Posted on February 14, 2011 by Joseph Manko
The Federal Trade Commission (FTC) Act prohibits “unfair and deceptive acts or practices.” 15 U.S.C. § 45. In 16 CFR § 260.2, unfair and deceptive acts or practices are defined as being a representation, omission or practice that (1) is likely to mislead consumers acting reasonably under the circumstances and (2) is material to a consumer’s decision. In essence, the FTC evaluates marketing from the consumers’ perspective and in the words of its Chairman Jon Leibowitz: “What companies think green claims mean and what consumers really understand are sometimes two different things.”
In the environmental area such claims can attach to a product, package or service in its labeling, advertising, promotional materials or other forms of marketing or sales paraphernalia, in any medium, expressed or implied, and including words, symbols, logos, depictions, brand names, etc. To avoid being deceptive, there has to be a reasonable basis to substantiate a claim which often requires competent, reliable scientific evidence, often based on tests, analyses, research or studies.
The original Green Guides were issued in 1992, and were amended in 1996 and 1998. The FTC began its current review of the Guides in 2007, proposed revisions in October 2010 and closed the public comment period on December 10, 2010.
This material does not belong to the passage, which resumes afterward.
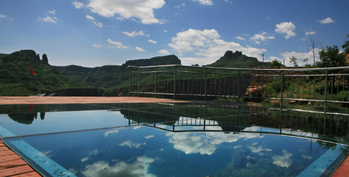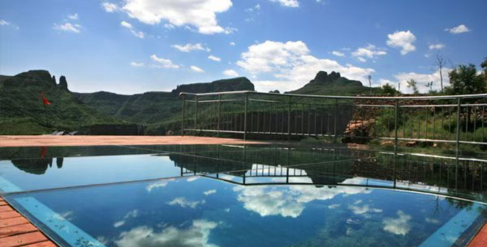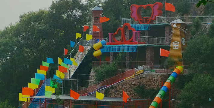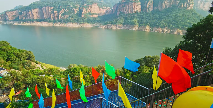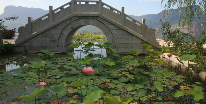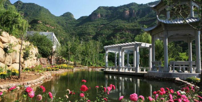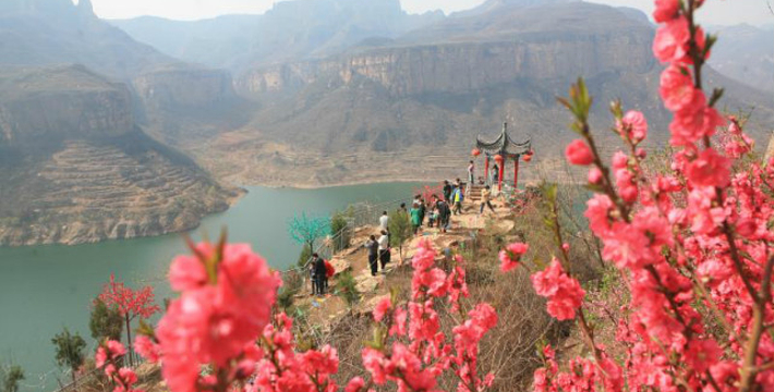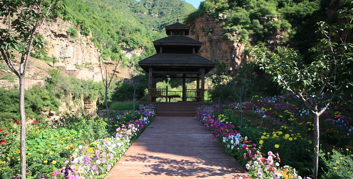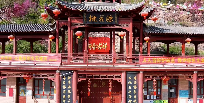 沙河市桃花园风景区位于沙河市西部秦王湖北岸,距沙河市区45公里。这里有优越的旅游资源。浩瀚的秦王湖碧玉般横卧于脚下;对面山峦起伏,山形俊美;登高望远,视野开阔,风景如画。背后群山连绵起伏,如太师椅般围合左右,远处横亘的山脊上,向南均匀地延伸出五条山峰,如五条巨龙奔跃而来。当地人称之为“五龙捧胜”,并口耳相传着一个壮美的故事:西汉末年,王莽篡位,追杀汉室宗亲刘秀至此。刘秀疲于奔命,落荒而逃,藏身于山上的一个石洞中,侥幸躲过一劫。日后刘秀重整旗鼓,战败王莽,恢复汉室,是为东汉光武皇帝。时至今日,当地人还津津乐道,称此山为“金銮殿”。沙河市桃花园风景区依据优美的自然风光,建成一系列特色建筑,营造出一片山水园林,使游客游的是北方山水,赏的是南方园林。沙河市桃花园风景区山泉潺潺,水体丰富。微风吹来,水雾拂面,涉水戏鱼,临岸逗鸭,可享受难得的亲水体验.桃花源植物繁茂,花木喜人。初春桃花满山,樱花飞雪,梅花报春,牡丹竞秀;盛夏荷叶摇曳,荷花送香,百花争艳,蜂蝶嬉戏;金秋天高气爽,色彩缤纷,万木竞秀,硕果累累;隆冬银装素裹,松涛阵阵,见所未见,闻所未闻。河北省沙河市桃花源风景区是集青山秀水和园林建筑为一体的特色风景区。沙河“大裂峡”,V形峡谷、Ω形峡谷,经有关专家鉴定为典型的地质奇观,学术及观赏价值在全国领先。景区景观:沙河大裂峡、巨石长廊、曲阳石雕双层凉亭、仿古炭化木亭、悬崖飞瀑、桃花源大瀑布、悬空玻璃观光台等,雄壮、细腻、典雅、刺激,各具特色,雅俗共赏。景区植物:桃花、樱花、荷花、牡丹等上百种,繁花时节,姹紫嫣红,香风习习,空气清新,环境优美,是观赏、休闲、娱乐、健身的理想场所。沙河市桃花源风景区四季更替,风光各异。您若前来观光休闲,定会有世外桃源般的美好感受!

Although the proposed Green Guides are voluminous and people should refer to the proposal in the October 15 Federal Register, suffice to say that they now intend to cover not only the products and services within a building, but the proposed Guides, if adopted in their current form, would be interpreted to apply to buildings themselves, which was contrary to the former belief that product liability did not attach to buildings. According, in addition to concern for environmental disclosures, regulated by the Securities Exchange Commission, the FTC would now constitute a second regulatory review agency.